**Directions for this task**
From the line below containing "Ahora para añadir" to the final line, print each line exactly as written. No pictures belong in the copy.

(Material provided Opens)

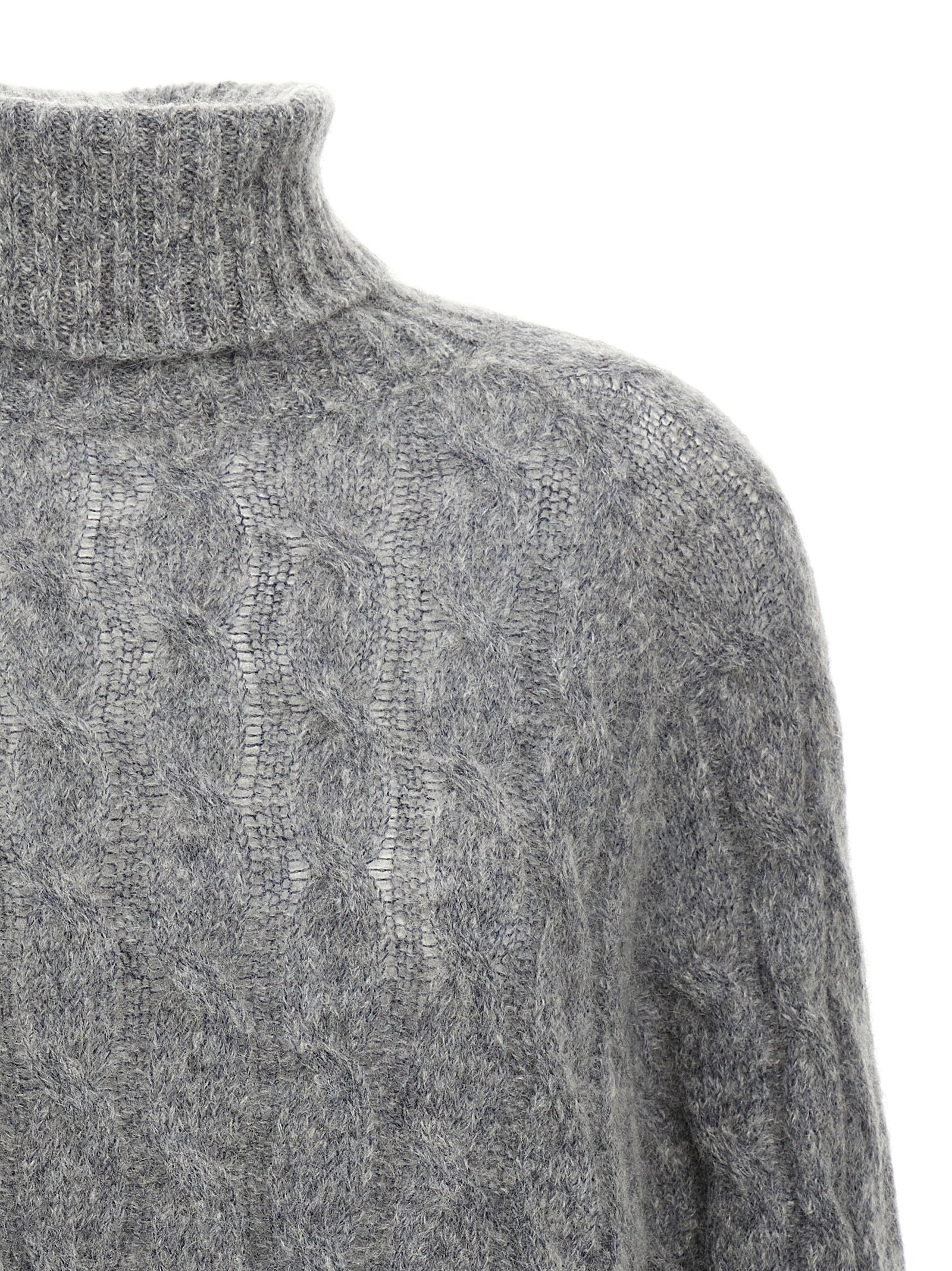 Braid sweater in wool and mohair blend, with high neck, long cuffed sleeves.
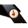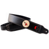 Courroie modèle TATOO HEART, conçue avec un extérieur synthétique, une largeur de 7 cm et une longueur réglable de 98 à 153 cm. Elle intègre également un porte-médiators pratique et se décline en noir.
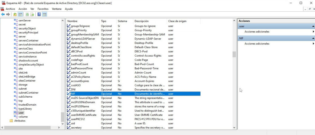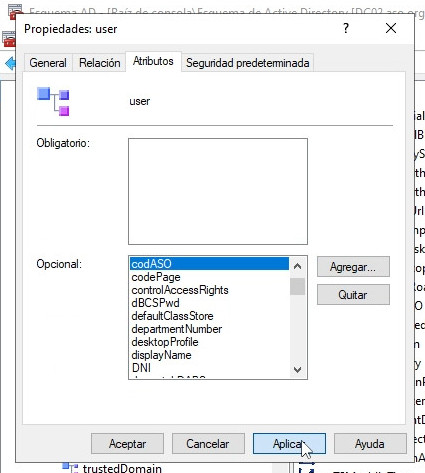 Ahora para añadir el artibuto al usuario tenemos que ir dentro de clases y buscar user. Hacer clic derecho y entrar en propiedades y dentro ir a la pestaña atributos, pulsar añadir y buscar los atributos que queremos añadir. Cuando acabamos de añadir nos muestra un error que podemos descartar.
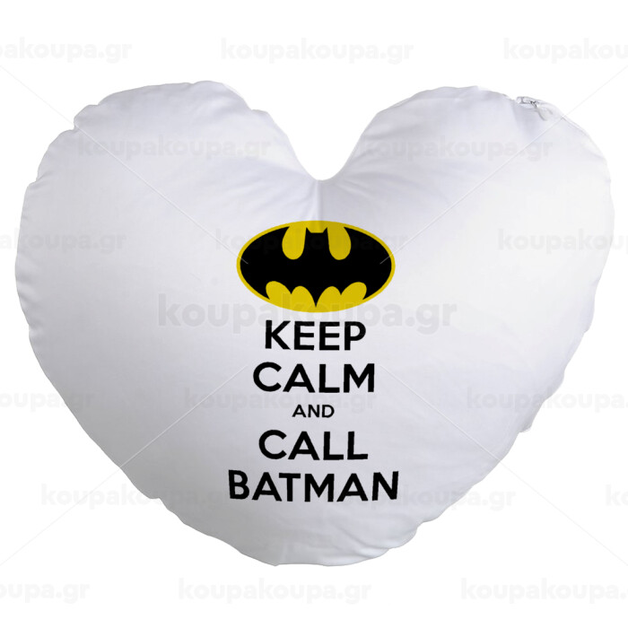KEEP CALM & Call BATMAN, Μαξιλάρι καναπέ καρδιά 40x40cm περιέχεται το γέμισμα

(Material provided Closes)

**Exercise answer**
 Ahora para añadir el artibuto al usuario tenemos que ir dentro de clases y buscar user. Hacer clic derecho y entrar en propiedades y dentro ir a la pestaña atributos, pulsar añadir y buscar los atributos que queremos añadir. Cuando acabamos de añadir nos muestra un error que podemos descartar.
KEEP CALM & Call BATMAN, Μαξιλάρι καναπέ καρδιά 40x40cm περιέχεται το γέμισμα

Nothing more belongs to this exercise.